Dataset entries:
■ ■ ■

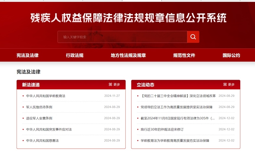 殘疾人權(quán)益保障法律法規(guī)規(guī)章信息公開(kāi)系統(tǒng)界面截圖
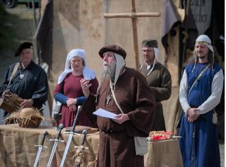 Auch in diesem Jahr war Gemeindepfarrer Ulrich Finger wieder aktiv bei den Ritterspielen in Freienfels. Bereits seit 20 Jahren schlüpft er anlässlich des überregional bekannten Mittelalterfestes in seine Gewandung und leitet am Festsonntag eine Feldandacht im mittelalterlichen Stil.
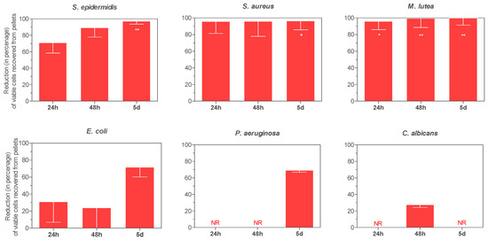 Zinc-containing pellets decreased biofilm formation in comparison to G1 controls. As shown in Figure 5, the antibiofilm effect exerted by ZnO35 was species-dependent and increased in a time-dependent manner. Reductions in biofilm cell load increased from 24 h to 5 days for all species and significantly so for P. aeruginosa (p = 0.006). After 5 days, biofilm burdens of Gram-positive bacteria were strongly reduced by 97.1% (p = 0.0011), 99.8% (p = 0.0083), and 96.4% (p = 0.0189) for S. epidermidis, M. lutea, and S. aureus, respectively; moderately reduced for E. coli, 71.8%, and P. aeruginosa, 61.2%, and virtually not reduced for the yeast, C. albicans.
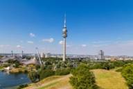 Die Livecam am Olympiaturm zeigt neben dem Olympiapark, das Stadtzentrum, den Stadtteil Schwabing und den Georg-Brauchle-Ring.
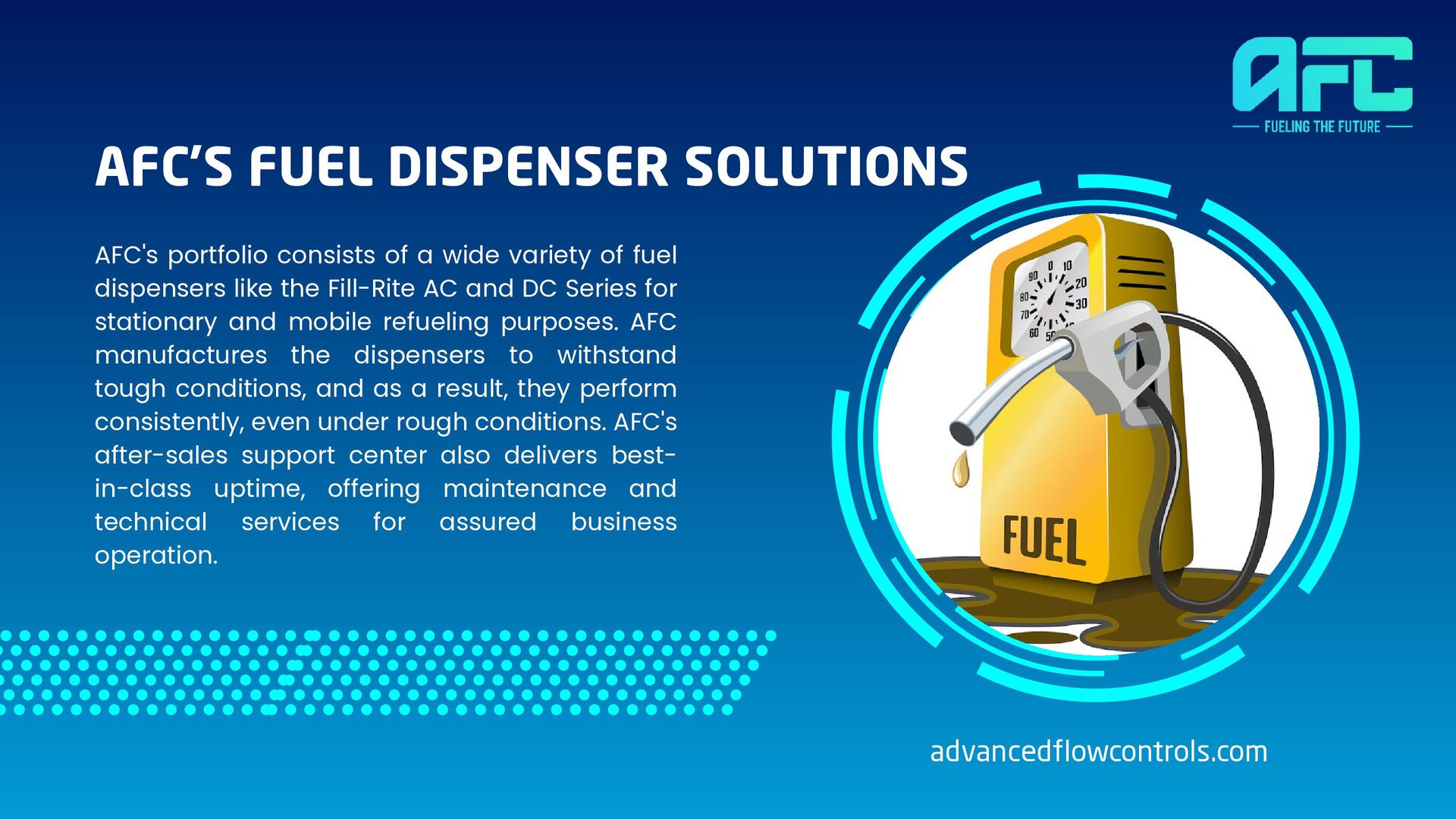 variety of fuel dispensers like the Fill-Rite AC and DC Series for stationary and mobile refueling purposes. AFC manufactures the dispensers to withstand tough conditions, and as a result, they perform consistently, even under rough conditions. AFC's after-sales support center also delivers best- in-class uptime, offering maintenance and technical services for assured business operation. advancedflowcontrols.com

■ ■ ■

## Task item
A verbatim copy is needed of the lines running from the line with "Auch in diesem" to the end of the data above, both included. Keep the pictures out of it.

## Output
 Auch in diesem Jahr war Gemeindepfarrer Ulrich Finger wieder aktiv bei den Ritterspielen in Freienfels. Bereits seit 20 Jahren schlüpft er anlässlich des überregional bekannten Mittelalterfestes in seine Gewandung und leitet am Festsonntag eine Feldandacht im mittelalterlichen Stil.
 Zinc-containing pellets decreased biofilm formation in comparison to G1 controls. As shown in Figure 5, the antibiofilm effect exerted by ZnO35 was species-dependent and increased in a time-dependent manner. Reductions in biofilm cell load increased from 24 h to 5 days for all species and significantly so for P. aeruginosa (p = 0.006). After 5 days, biofilm burdens of Gram-positive bacteria were strongly reduced by 97.1% (p = 0.0011), 99.8% (p = 0.0083), and 96.4% (p = 0.0189) for S. epidermidis, M. lutea, and S. aureus, respectively; moderately reduced for E. coli, 71.8%, and P. aeruginosa, 61.2%, and virtually not reduced for the yeast, C. albicans.
 Die Livecam am Olympiaturm zeigt neben dem Olympiapark, das Stadtzentrum, den Stadtteil Schwabing und den Georg-Brauchle-Ring.
 variety of fuel dispensers like the Fill-Rite AC and DC Series for stationary and mobile refueling purposes. AFC manufactures the dispensers to withstand tough conditions, and as a result, they perform consistently, even under rough conditions. AFC's after-sales support center also delivers best- in-class uptime, offering maintenance and technical services for assured business operation. advancedflowcontrols.com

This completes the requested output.